どういうこと?と思われる方もいらっしゃるかもしれませんね。妊娠中は胎盤を通じてお母さんと赤ちゃんで栄養分をやり取りしていますが、この胎盤由来のDNAがお母さんの血液中にも流れ込むことが分かっています。胎盤というのは受精卵からつくられる組織なので、基本的には赤ちゃんと同じ遺伝情報をもっています。

 

妊娠中に自分の血液の中に赤ちゃんのDNAも流れているなんて不思議ですよね。

 

妊婦さんの血液を採取して、そこに含まれている妊婦さん自身のDNAと赤ちゃん由来のDNAを、染色体の由来ごとに量を測定します。妊婦さんがダウン症候群などの染色体異常をもっていないという前提ですが、赤ちゃんが染色体異常をもっていると、その染色体の量の比が変化します。それを検出することで赤ちゃんが染色体異常をもっているかどうかを予測するのがNIPTです。

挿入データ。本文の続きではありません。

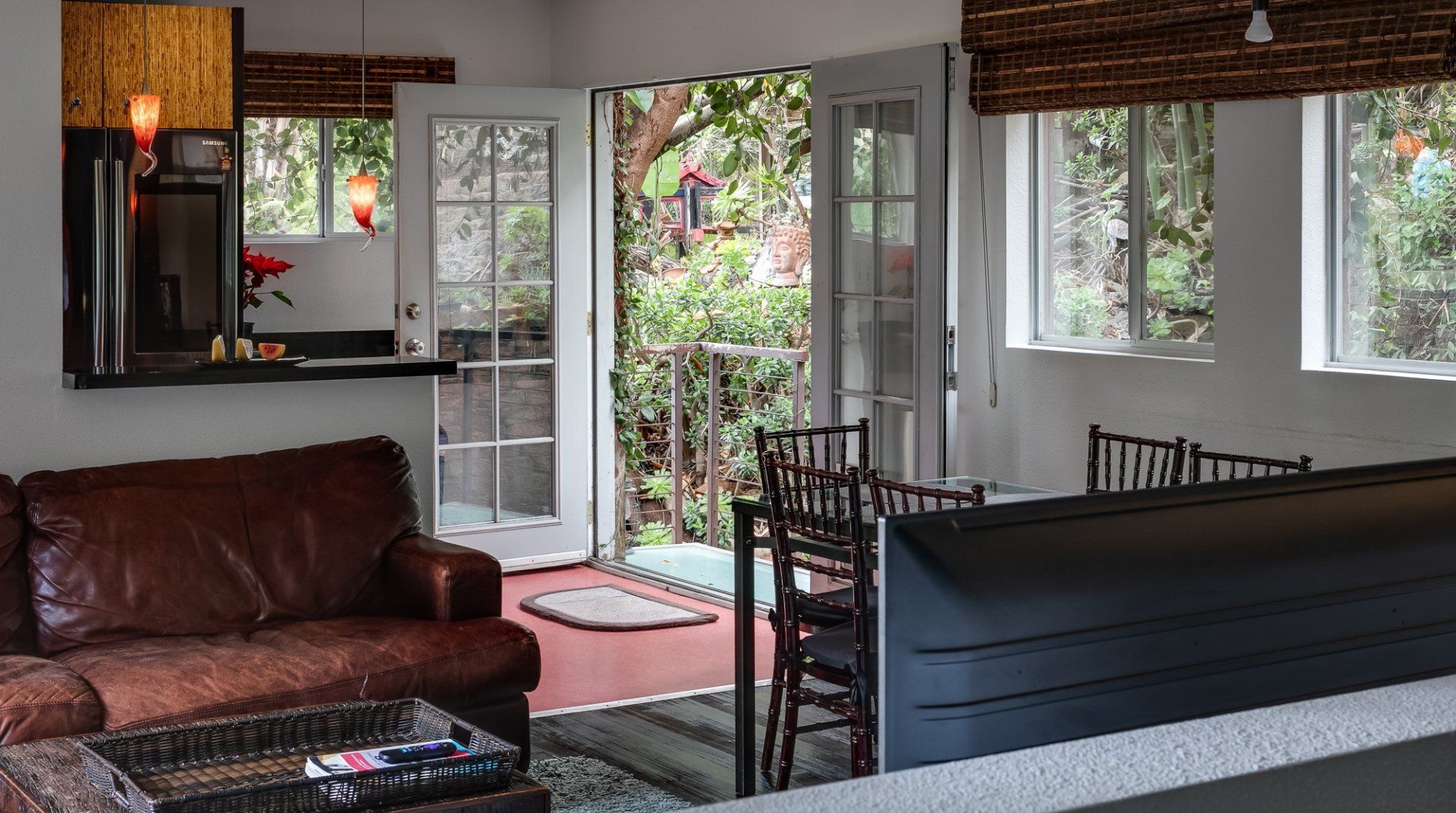 Our most ecologically minded guests will find paradise in this home. The garden feels like your very own slice of Eden – not only are the plants beautiful, but most of them are edible too and organically grown. Sweeps of bright orange nasturtium fill the spaces that aren’t manicured and there are cascading waterfalls to add to the feeling of zen. It might be impossible to leave this tranquil space, especially when you can enjoy the tropical vistas from the steamy hot tub.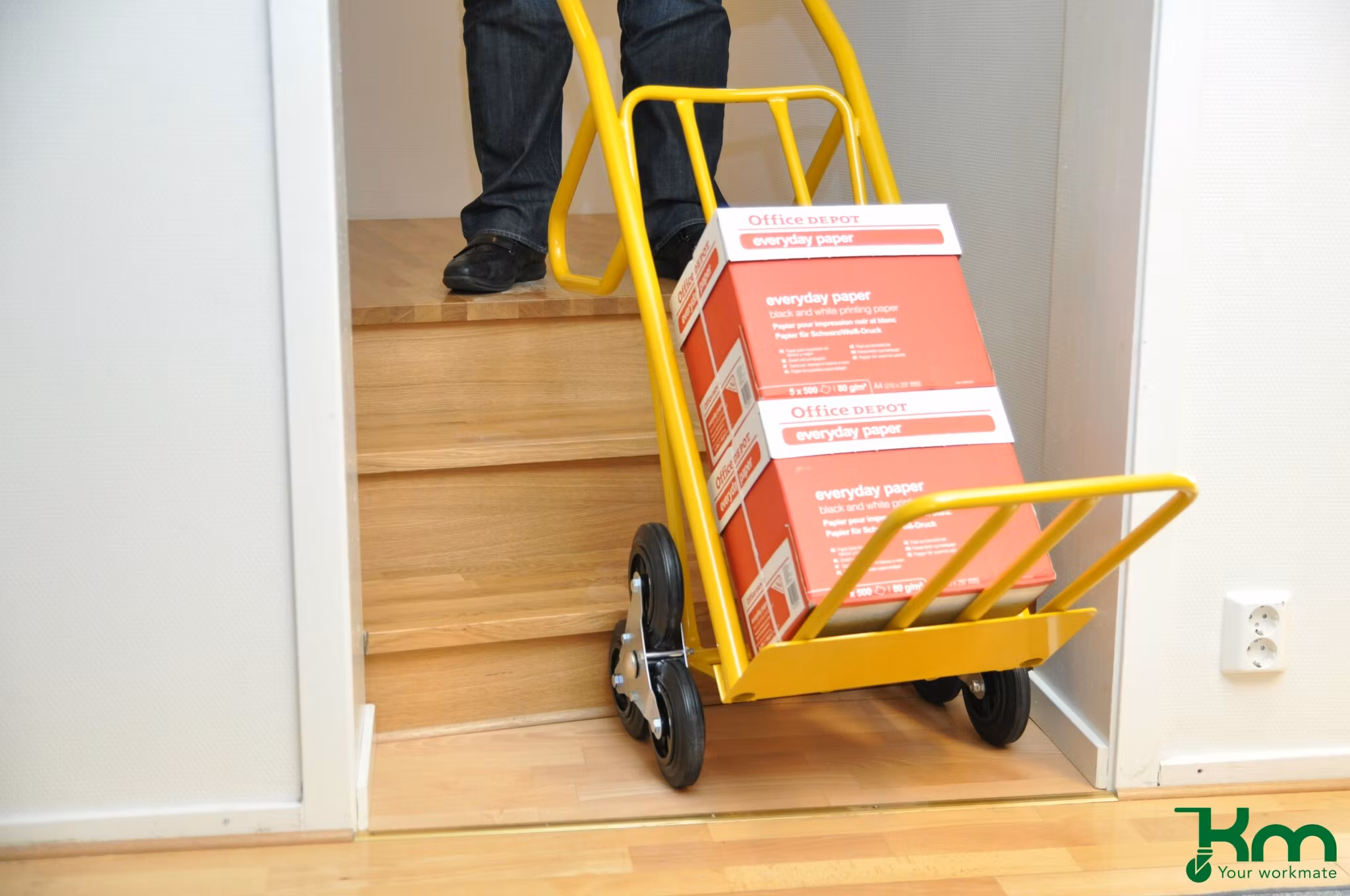 Kraftig kärra som är anpassad för trappor. Gör det otroligt enkelt att flytta gods i båda riktningar. Fällbart lastplan.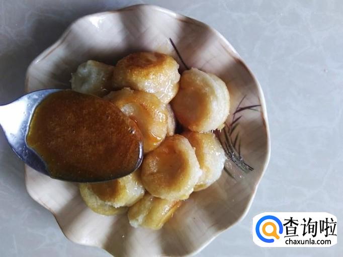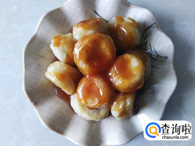 炸得8分钟左右,把丸子炸得金黄色捞上碟子。【熟透的丸子会胀大】
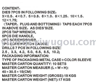 44件公制丝锥板牙套装 投诉
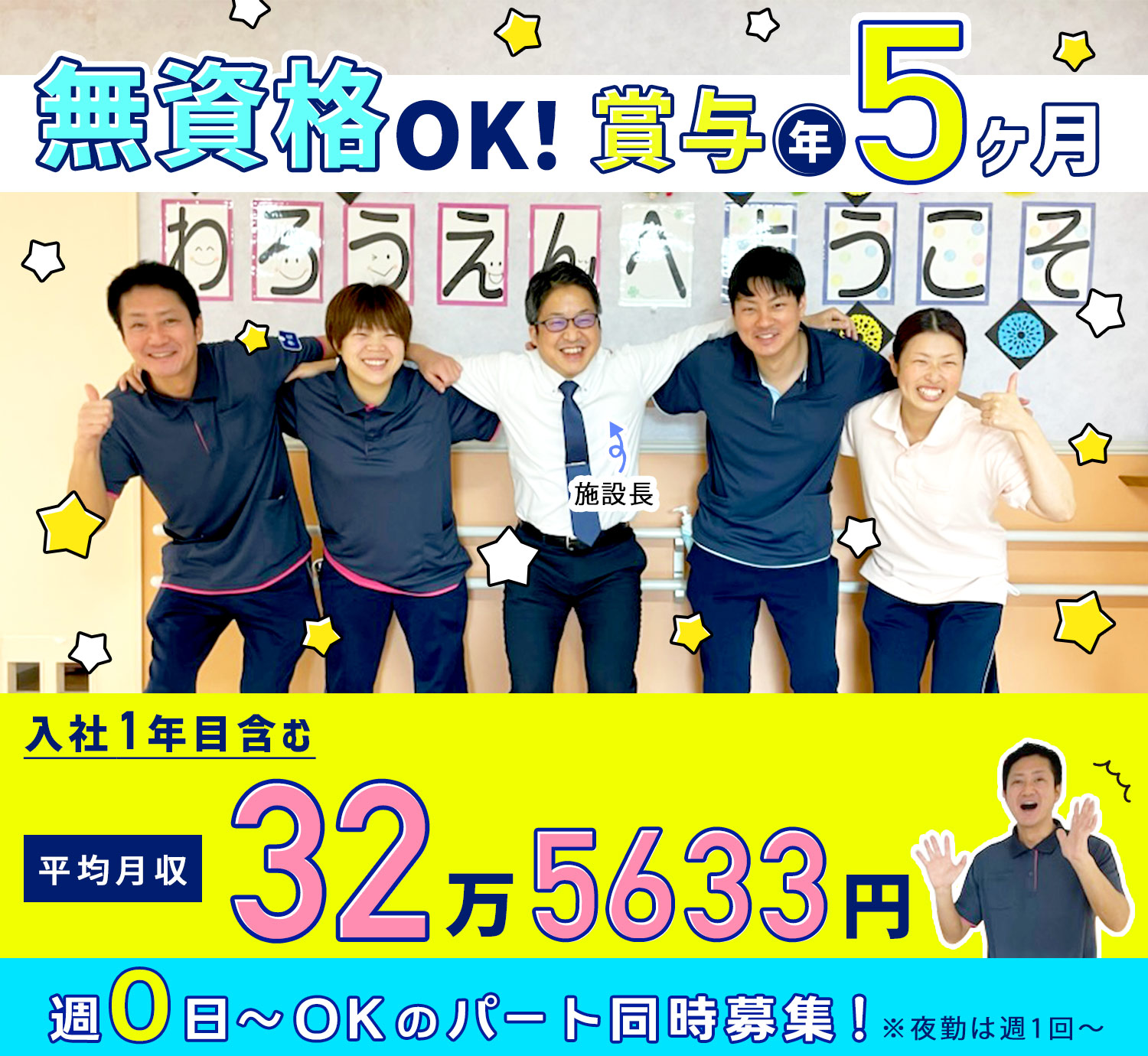 | 応募資格 | 介護職員初任者研修修了(旧ヘルパー2級)以上 #ブランクOK #副業・WワークOK ※年齢不問!ミドル・シニア世代も大歓迎 ※夜勤のため18歳以上の方 |

こちらは赤ちゃんの遺伝情報を見ているから確定検査なのでは?と思われる方もいらっしゃると思います。しかし、あくまでも胎盤由来の情報であること(まれに胎盤と赤ちゃんで異なる遺伝情報を持つ場合があります。)、母体の染色体異常や腫瘍などの影響があることなどからあくまでも非確定の検査となります。

 

NIPTでも陽性であった場合には、妊娠継続の判断を行うためには、確定検査である羊水検査を受ける必要があります。陰性だった場合には、実際に赤ちゃんが染色体異常をもっている可能性よりも、羊水検査による流産の可能性の方が高くなってしまうので基本的には羊水検査には進みません。